A civil rights lawsuit filed Tuesday by a Centre County family and others seeks to force Pennsylvania’s governing body for high school sports to change its policy that they say excludes parochial school students from public school sports.
Three families and the Centre County-based Religious Rights Foundation of PA alleged the Pennsylvania Interscholastic Athletic Association’s policy violates the First Amendment’s free exercise and the 14th Amendment’s equal protection clauses.
After securing a settlement last month with State College Area School District to allow eligible parochial school students to participate in certain extracurricular activities, the latest lawsuit aims for a broader, statewide policy change.
“The Constitution is clear; Pennsylvania families do not have to choose between a faith-based education or their child’s educational and athletic opportunities,” attorney Tom E. Breth said in a written statement. “The PIAA must make this right. Until then, we will continue to fight for these students and their families to ensure they have the same opportunities as every student in the Commonwealth, regardless of their educational choice and religious affiliation.”
A message left Wednesday with a PIAA administrator was not immediately returned.
The families, including two who live in school districts outside of Centre County, alleged the PIAA discriminates against parochial school students by prohibiting them from participating in public school sports if they aren’t available at their religious schools.
The nonprofit cited what they argue are a handful of PIAA exceptions for other groups such as students at charter, cyber or private schools, but not those at parochial schools. Students are typically only eligible at the school where they are enrolled.
Despite several conversations before the lawsuit was filed, Breth said the PIAA has rebuffed changes to its policies.
“The PIAA is a state actor and must abide by the Commonwealth’s laws and respect the constitutional rights of Pennsylvanians,” Breth said in the statement. “That means allowing parochial school students the opportunity to participate in sports offered at their home school district when the sports are not offered at the student’s parochial school.
“Educational experiences, be it in the classroom or on the field, are integral to the development of young students, and those opportunities cannot be denied to students based solely on their families’ faith-based educational choice.”
The State College school board unanimously approved the district’s agreement with the nonprofit in June. The district did not admit liability, though its insurer agreed to pay the nonprofit’s attorneys $150,000.
Under the agreement, students who attend parochial schools that sponsor interscholastic athletic sports are not eligible to participate in those same sports through the district. If those schools do not offer a particular sport, parochial school students are eligible to participate through SCASD.
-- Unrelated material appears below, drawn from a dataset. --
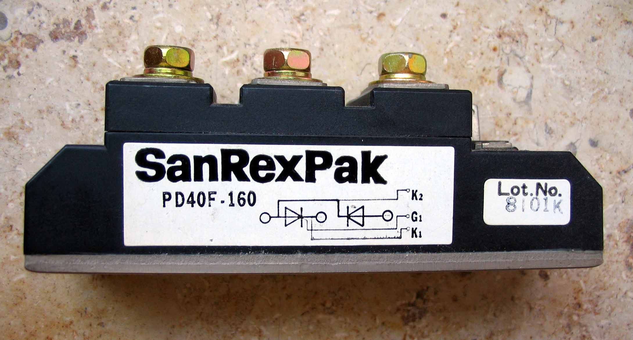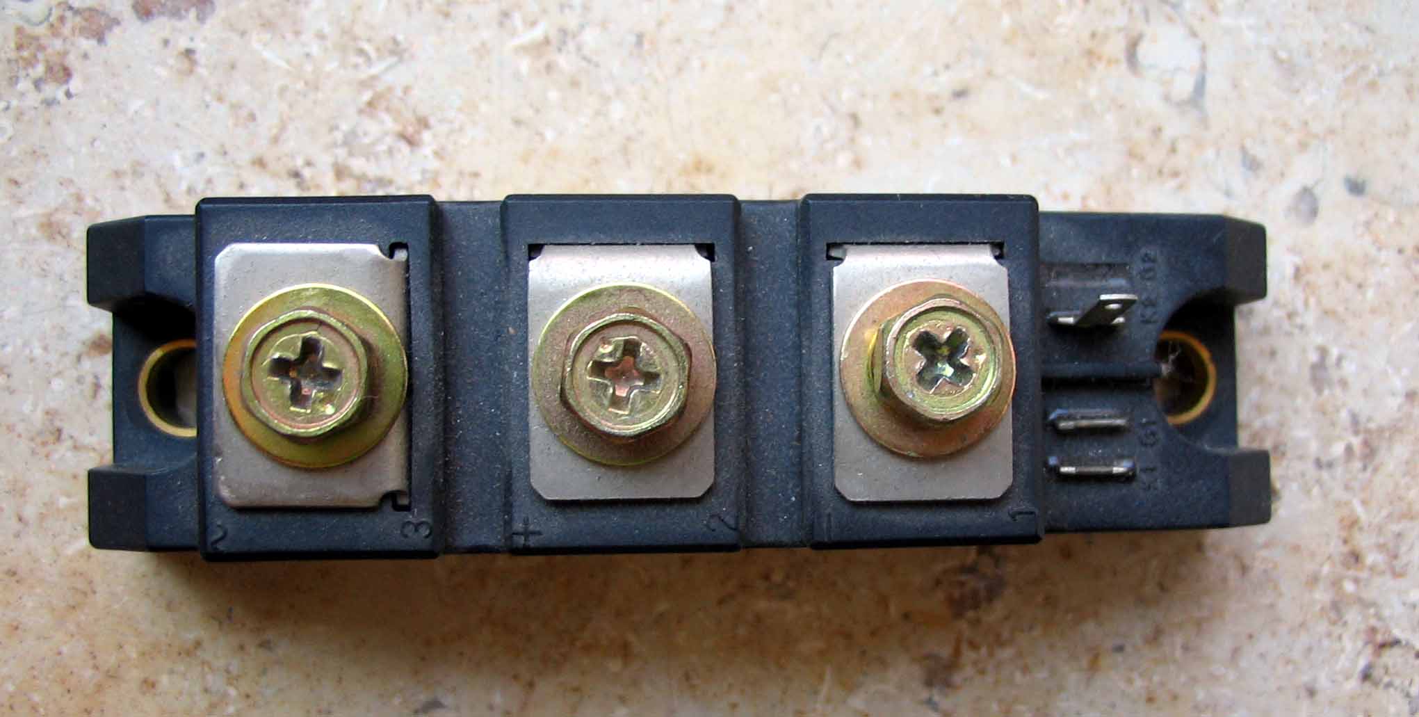 Wie auf dem aufgeklebten Schaltbild ersichtlich, befindet sich ein Thyristor und eine Diode darin.

The district may still impose its general student selection criteria. Eligibility disputes were to be resolved with the PIAA. The agreement contains a similar clause for students looking to participate in co-curriculars or clubs.
School district attorney Paul J. Cianci told the Centre Daily Times that SCASD believed it could not permit parochial school student participation, in part, because the PIAA disfavored it. But as that litigation unfolded, Cianci said the district determined that is “not always the case.”
“Because PIAA’s position on this subject is not clear, the Consent Order provides essentially that PIAA must first approve of parochial school student participation on School District sports teams before there is any obligation on the part of the School District to permit the participation,” Cianci wrote in an email.
The district’s December 2023 request to have the lawsuit dismissed was rejected by U.S. District Judge Matthew W. Brann, the same judge assigned to handle the latest lawsuit.
“Regardless of what reasons some parents may have for sending their children to a non-public school, a religious reason has the same value as a secular reason,” Brann wrote in his opinion. “If some exemptions are made, a school’s refusal to make a religious one enforces a value judgment preferring secular conduct over religious.”